Better Care for Dementia?

Better Care for Dementia?

Dementia services in England are not getting the priority that was promised, the National Audit Office has said.

It urges the Department of Health to demonstrate that its dementia strategy, published last year, is not just words.

The plans include action to boost early diagnosis and better patient and carer support. The NAO praises the ambition but asks whether they can be delivered.

Care services minister Phil Hope welcomed the report but insisted the implementation plan was on track.

‘Very patchy’

“We are in the first year of our ambitious five year National Dementia Strategy – change will not happen immediately,” he said.

“There is still much more to be done and we are working hard to put the plans outlined in the strategy into place.”

The NAO report describes the dementia strategy as “comprehensive and ambitious”. However, it says achieving the planned “transformation” in services will be very challenging.

In particular it criticises a failure to make dementia a national priority in the NHS Operating Framework – which sets out the key areas for the NHS in the year ahead.

Change can’t come soon enough for the millions of families battling daily with this devastating condition
Andrew Ketteringham
Alzheimer’s Society

NAO director of health value for money Karen Taylor said trusts would concentrate on other issues if they were not made to focus on dementia.

“They won’t be giving it the priority or the urgency that both ourselves and the Public Accounts Committee were led to expect dementia would get when we reported on it in 2007,” she said.

The strategy is expected to cost nearly £2bn over 10 years, funded largely through efficiency savings. But the NAO says the eventual cost will be more than that.

Announcing the plans last February the government said trusts would receive an extra £150m over two years to support the strategy.

But the NAO says it is not clear how that money is being spent, or even if it is going into dementia services.

Its report says many trusts are still working out what extra services will be needed in their area.

It also describes joint working with social care as “very patchy”, leading to people with dementia being unnecessarily admitted to hospital, and going into residential care prematurely.

‘Race against time’

Other concerns include a lack of basic training for doctors and nurses.

“Almost every health professional comes into contact with patients who have dementia,” says the report, “yet there is no required basic training in how to understand and support them. Addressing this training gap will require concerted action over several years”.

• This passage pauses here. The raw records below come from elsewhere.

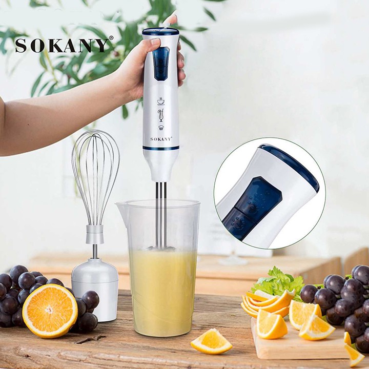+ Máy xay cầm tay Sokany – có rất nhiều chức năng như xay các loại hạt ngũ cốc, đánh trứng, xay sinh tố…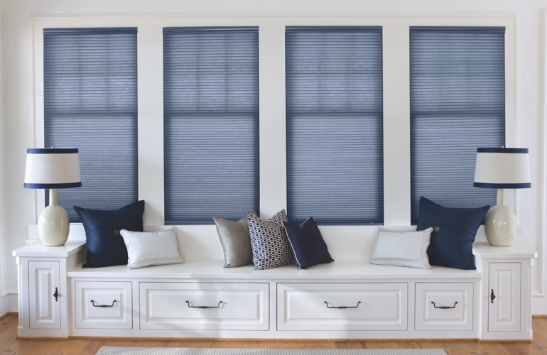 Another great blind upgrade are cellular (or honeycomb) shades. They’re made to trap more heat than regular shades, are simple to use, and offer a ton of options in the way of colors, patterns, fabrics and more.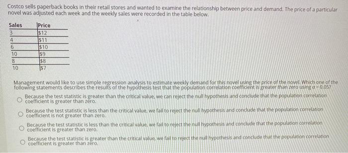 Solved Costco Sells Paperback Books In Their Retail Stores And Wanted T0 Examine The Relationship Between Price And Demand The Price Of A Particular Novel Was Adjusted Each Week And The Weekly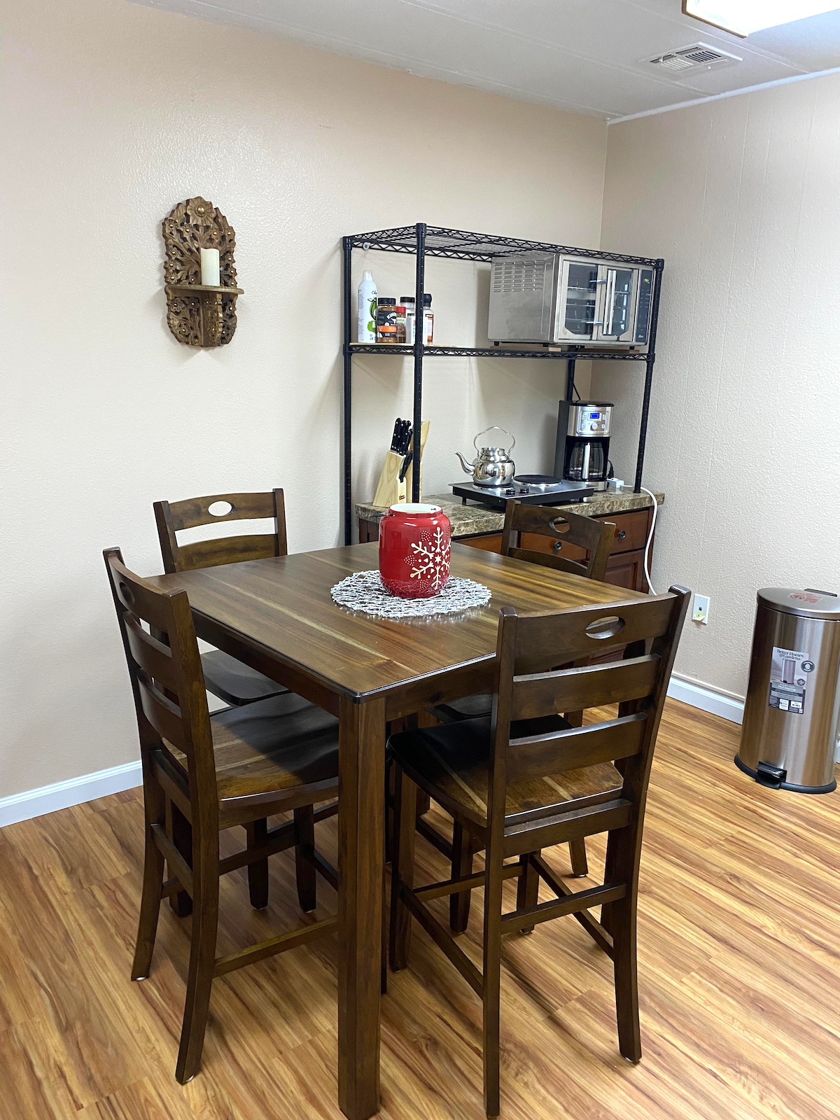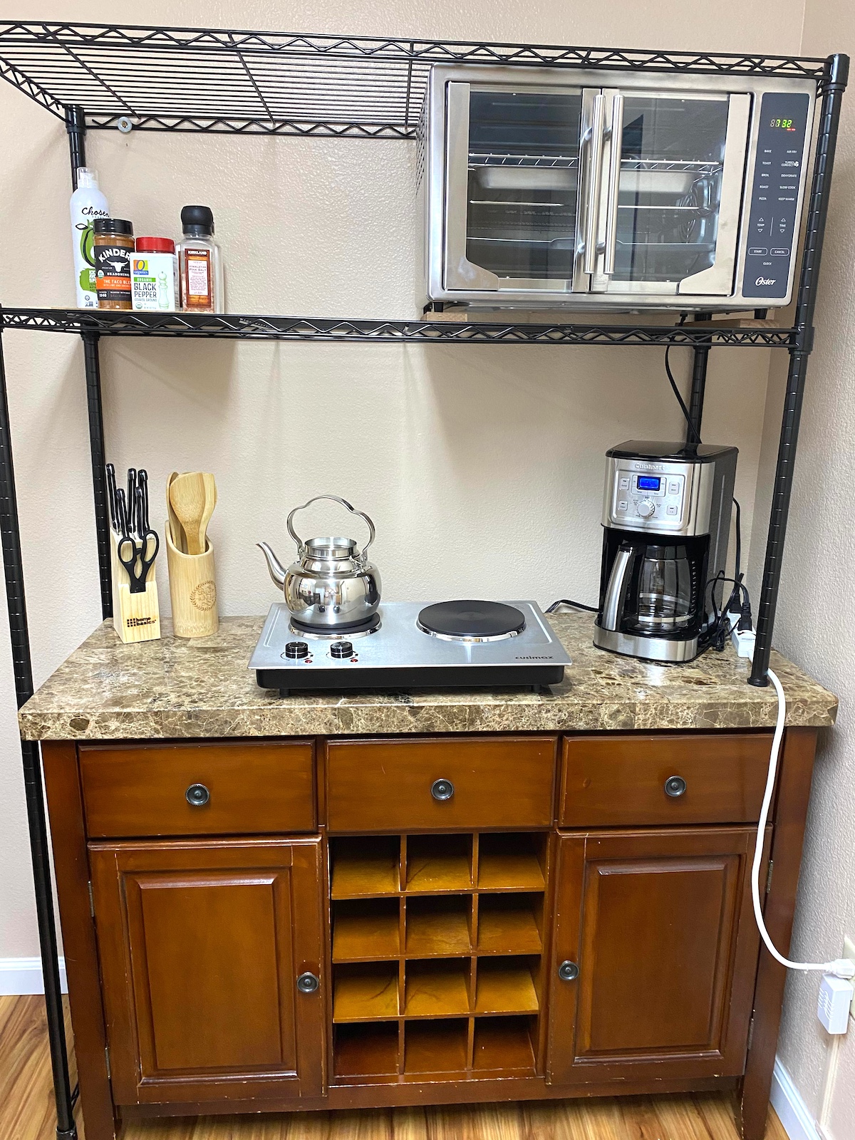 Jest kuchenka elektryczna oraz mały piecyk do pieczenia, mikrofalówka do odgrzewania jedzenia. również jest pralka i suszarka z płynem do prania, czysta, pachnąca pościel, ręczniki, produkty kosmetyczne do kąpieli.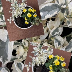 こちらは初雪*❄️ ̖́- 寄せ植え達は昨夕軒下に避難させました。 多肉さんは室内に❣️ 写真の未完成な寄せ植え😅 一昨日、色々お花やリーフ買いましたがこのふたつ残ってしまいました。 昨日の暖かそうな寄せ植えにはこのレモン色🍋は合わなかった💦 とりあえずこのふたつは一緒に植えてもOKかな❣️ 空いてるところに植えるの何がいいかな〜年内にお花屋さんに行くけれど更に他にも持ってきてしまいそう😓 キリがありませんね😅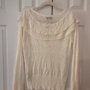 bebe Cream Sweater with Layered Ruffle Design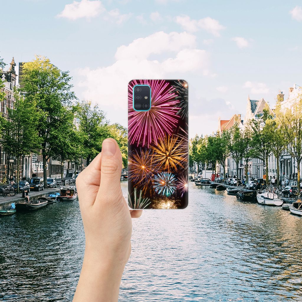 Deze Samsung Galaxy A51 Silicone Back Cover levert gegarandeerd Vuurwerk op. Kijk alleen al eens naar de print van siervuurwerk, in zeer veel verschillende kleuren. Als je dit hoesje ziet kun je bijna niet geloven dat sommige gemeenten in Nederland overwegen om vuurwerk te verbieden. Er gebeuren weliswaar ongelukken mee, maar zoiets schitterends als op deze tpu case met vuurwerk wil je toch gewoon niet missen. Bovendien beschermt dit hoesje jouw smartphone ook nog eens erg goed. De bovenkant van dit hoesje wordt bedrukt, de zijkanten blijven doorzichtig. De case is gemaakt van schokabsorberend materiaal en past altijd in je broekzak. Onder alle omstandigheden zal deze TPU case perfect functioneren, ook als je met nieuwjaar vuurwerk aan het afsteken bent. Zorg dan overigens wel dat je zelf ook voldoende afgeschermd bent van het vuurwerk.
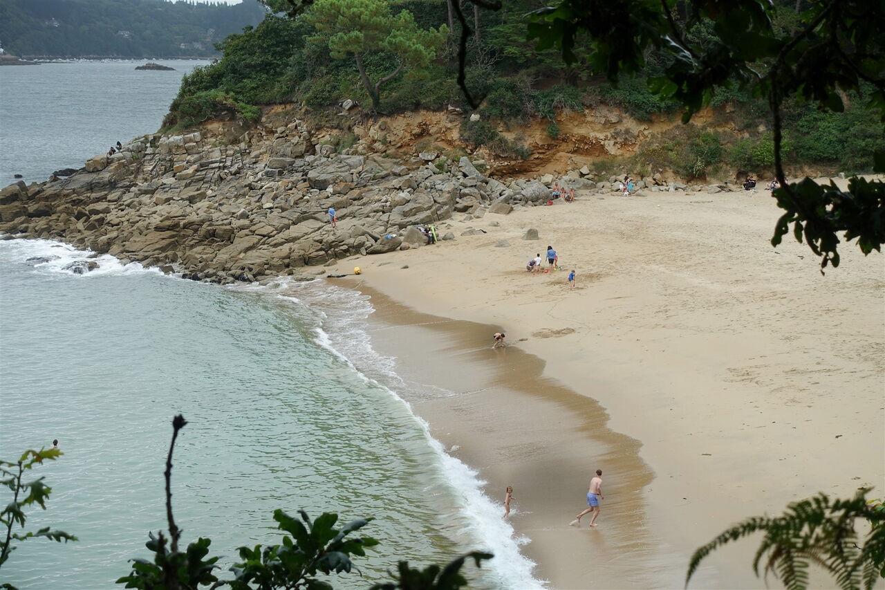 Der Rundweg um die facettenreiche Landspitze Pointe du Dourven ist aus verschiedensten Gründen sehenswert. Zum Auftakt machen wir einen Streifzug durch das Hinterland. Es geht vorbei an schönen Anwesen und an einem Bachlauf entlang. Dann beginnt die Bädertour, auf der wir an versteckten kleinen romantischen Sandbuchten vorbeikommen, bis der Pfad unterhalb einer Parkanlage an alten Zedern, Pinien und sogar Eukalyptusbäumen vorbeiführt. An der Pointe du Dourven genießen wir die atemberaubende Fernsicht. Ein leichter Spaziergang erlaubt Zeit für Gefühle.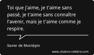 Toi que j'aime, je t'aime sans passé, je t'aime sans connaître l'avenir, mais je t'aime comme je respire.

Public Accounts Committee chairman Edward Leigh said the Department of Health was in danger of not being able to follow up on its dementia strategy.

“The department should be given credit for developing the strategy, which is comprehensive and ambitious, but what is the point of a plan without the necessary tools to make change happen?” he said.

The Alzheimer’s Society director of external affairs Andrew Ketteringham stressed the urgency of the situation.

“Change can’t come soon enough for the millions of families battling daily with this devastating condition.

“The strategy will transform lives but only if local health authorities are compelled to give dementia the priority it deserves. Millions depend on the strategy succeeding. It’s a race against time.”